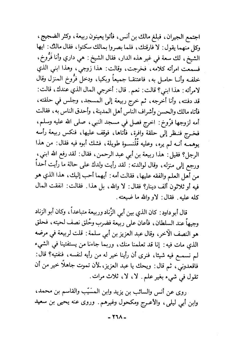 قال أبو داود: كان الذي بين أبي الزَّناد وربيعة متباعدًا، وكان أبو الزناد وجيهًا عند السلطان، فأعان على ربيعة فضرب وحُلق نصف لحيته، فحلق هو النصف الآخر، وقال عبد العزيز بن أبي سلمة: قلت لربيعة في مرضه الذي مات فيه: إنا قد تعلمنا منك، وربما جاءنا من يستفتينا في الشيء لم نسمع فيه شيئًا، فنرى أن رأينا خير له من رأيه لنفسه، فنفتيه؟ قال: فاقعدوني، ثم قال: ويحك يا عبد العزيز؛ لأن تموت جاهلًا خير من أن تقول في شيء بغير علم. لا، لا، ثلاث مرات.
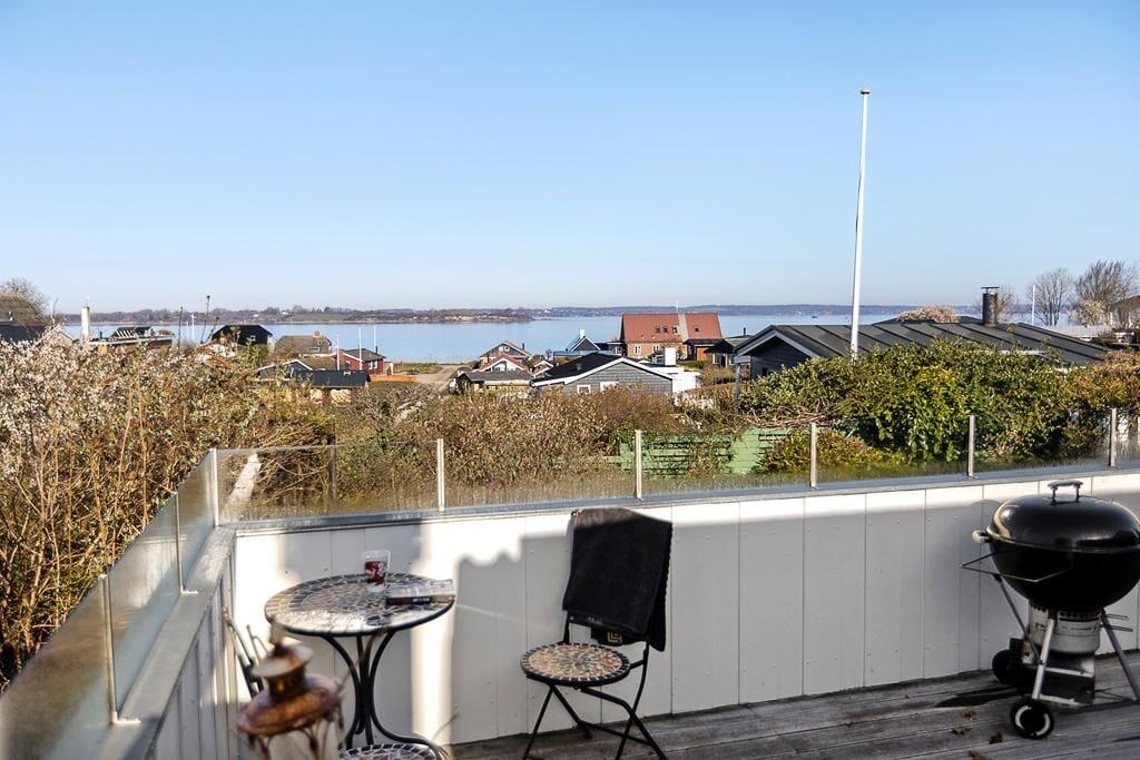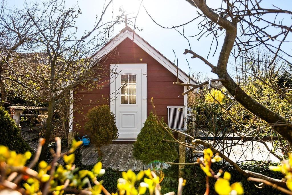 Sommerhusets romantiske have er en sand oase. Her kan du slappe af i den velplejede have og lade dig betage af den betagende udsigt over vandet. Det er det perfekte sted at nyde morgenkaffen, læse en god bog eller blot lade tankerne flyve.
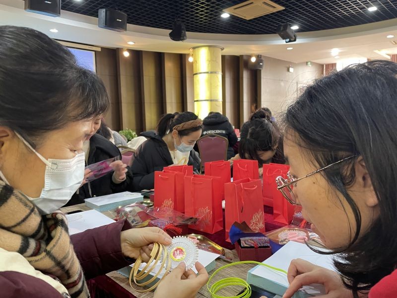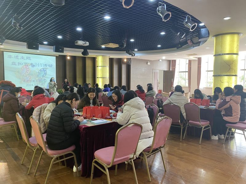 为纪念“三八”国际妇女节,弘扬并传承中国传统文化,丰富女教师的精神文化生活,表达女教师对中式审美的热爱,365英国上市集团工会于2024年3月6日在文翔路校区工会活动中心举办了海派非遗盘扣DIY艺术活动,48位女教师体验了盘扣的独特魅力。
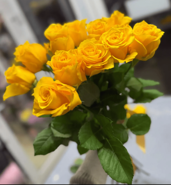 Букет жёлтых роз, аккуратно перевязанный атласной лентой, - это солнечное настроение, тепло и искренние эмоции в каждом лепестке. Яркие жёлтые бутоны символизируют радость, дружбу, уважение и заботу, наполняя любой момент светом и позитивом.
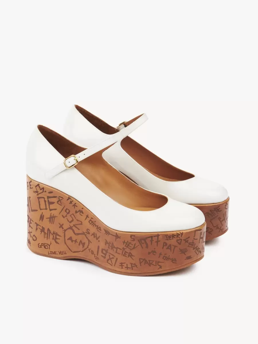 The Maxime wedge pumps feature a Mary Jane upper in patent calfskin, set on a wood-effect platform structure.
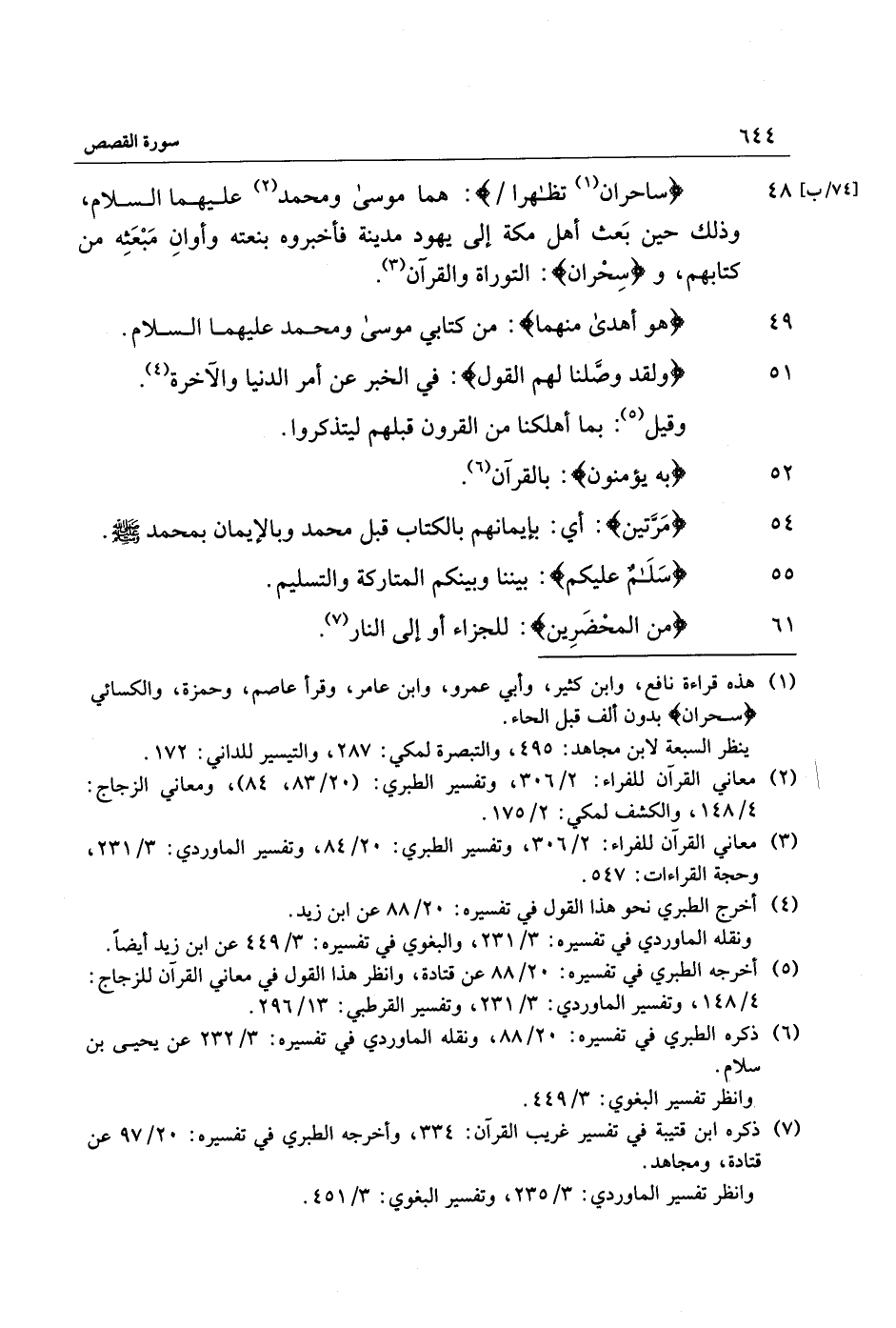 [74/ ب] ساحران «1» تظاهرا/: هما موسى ومحمد «2» عليهما السلام، وذلك حين بعث أهل مكة إلى يهود مدينة فأخبروه بنعته وأوان مبعثه من كتابهم، وسِحْرانِ: التوراة والقرآن «3» .
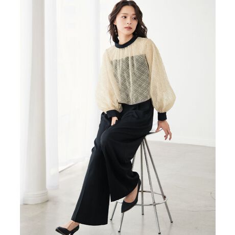ブラウスはパフスリーブがエレガントな雰囲気をプラスし、華奢見せ効果を叶えます。
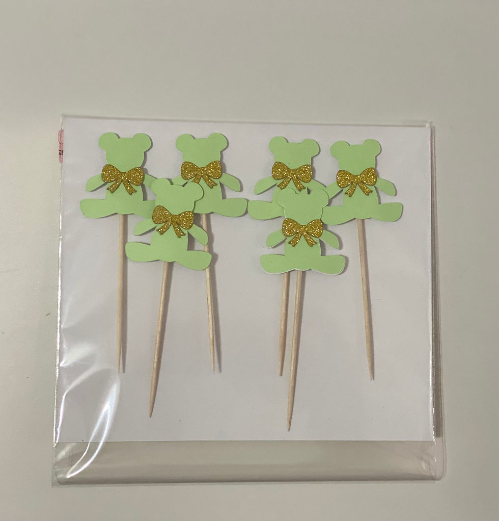 6 Teddy Bears and Bows Cupcake toppers
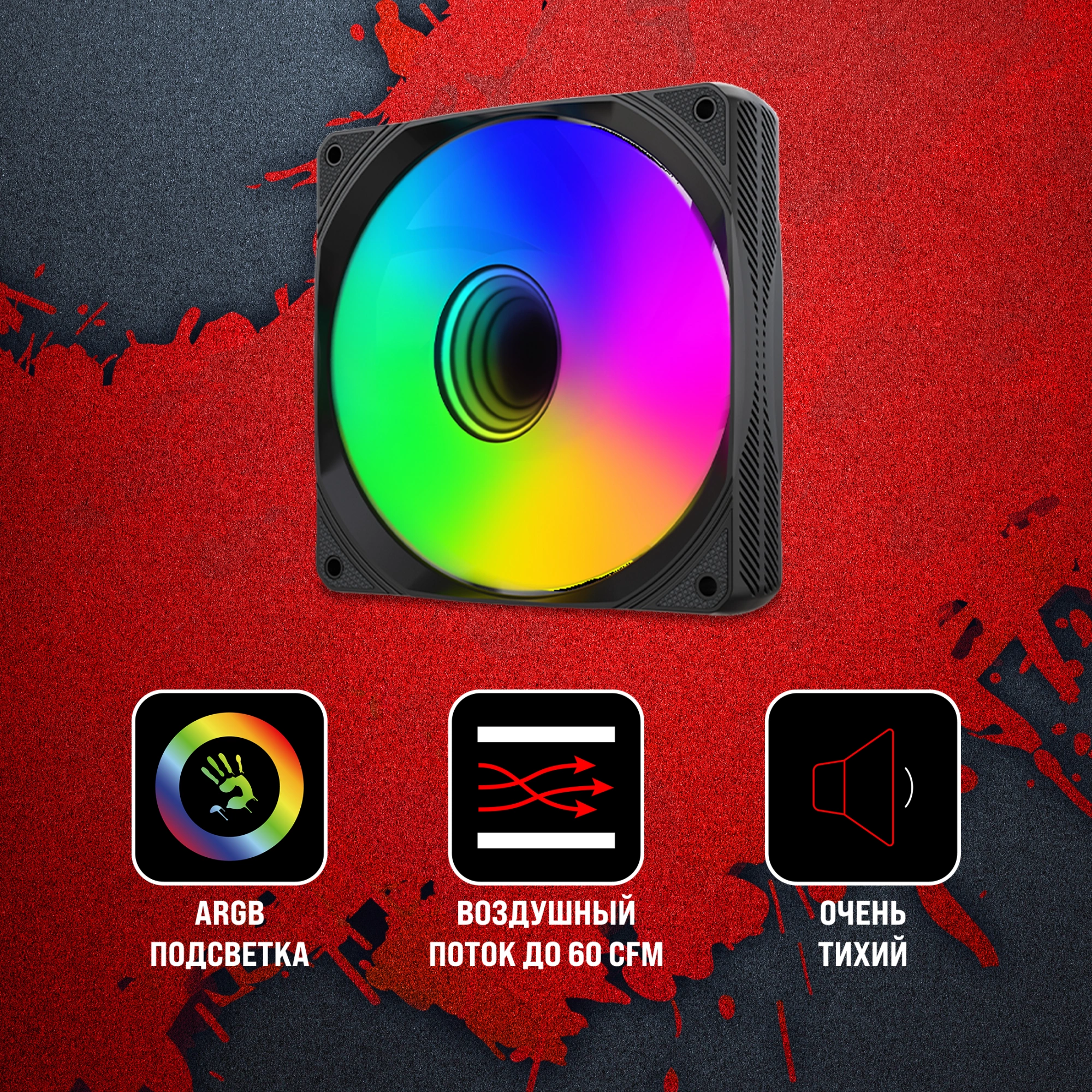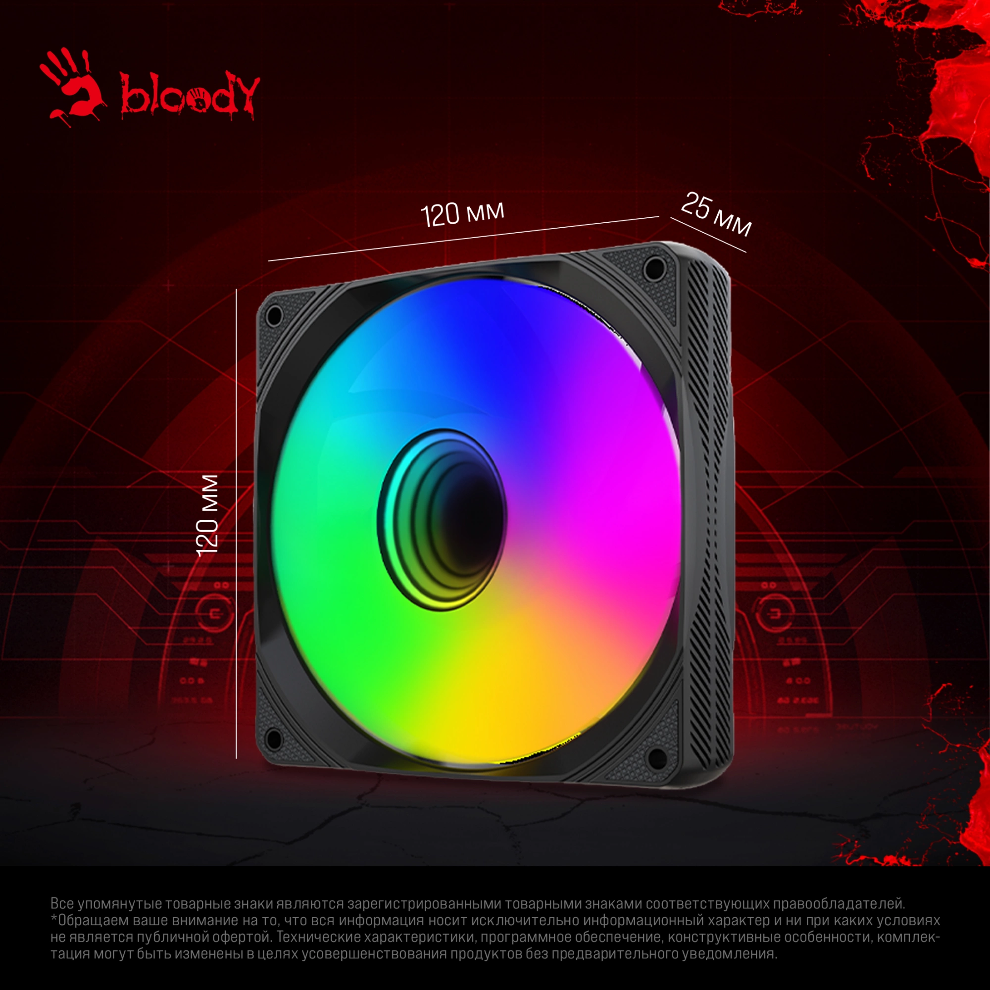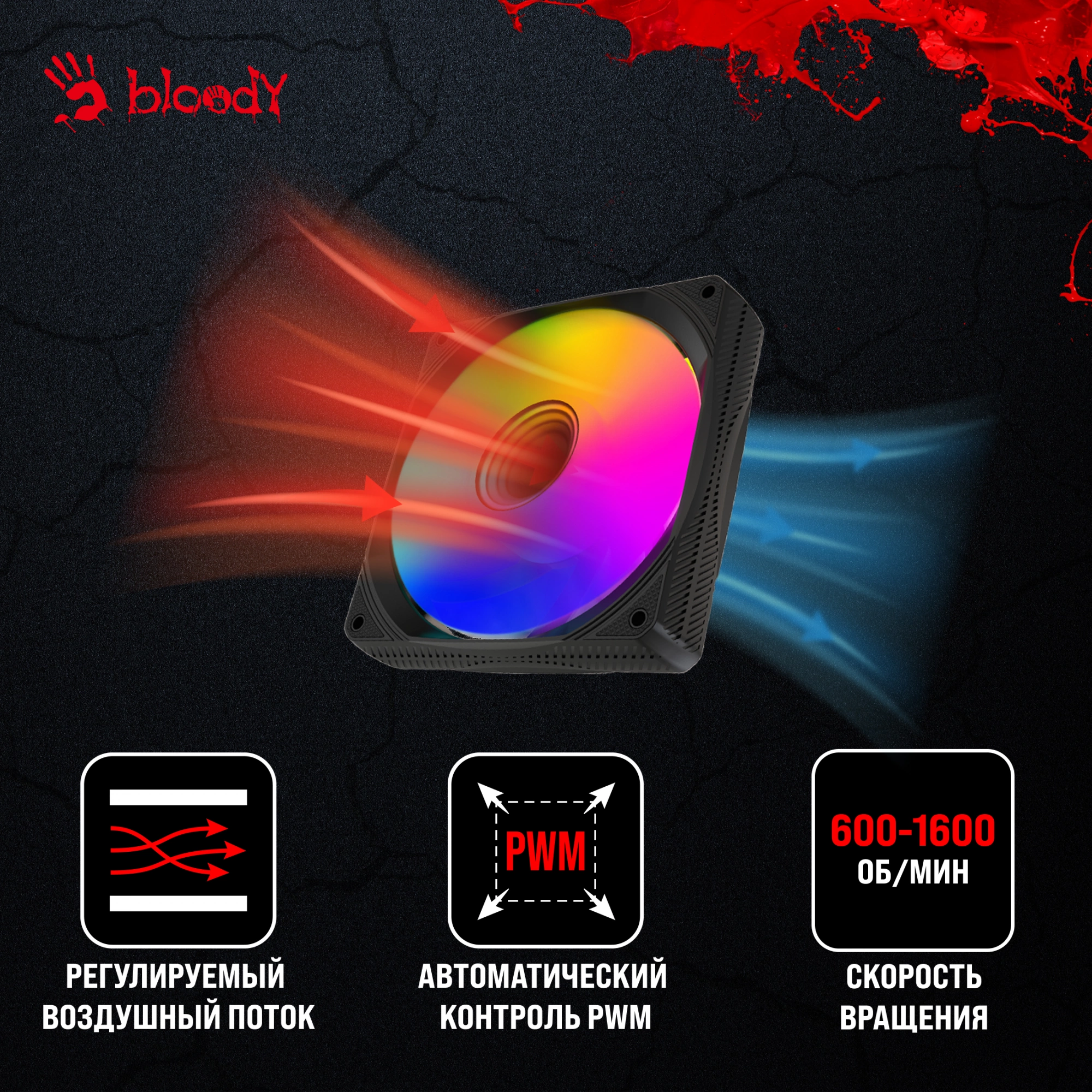 Вентилятор для корпуса Bloody BD-CF120ARGB1 ARGB 120х120x25 черный 4-pin 26дБ (BD-CF120ARGB1-BK) Ret

* * *

Task item: Repeat exactly the lines in the entries from the one containing "ブラウスはパフスリーブがエレガントな雰囲気をプラスし、華奢見せ効果を叶えます。" to the final line, inclusive, and nothing beyond them; skip pictures.

Answer for this exercise:
ブラウスはパフスリーブがエレガントな雰囲気をプラスし、華奢見せ効果を叶えます。
 6 Teddy Bears and Bows Cupcake toppers
 Вентилятор для корпуса Bloody BD-CF120ARGB1 ARGB 120х120x25 черный 4-pin 26дБ (BD-CF120ARGB1-BK) Ret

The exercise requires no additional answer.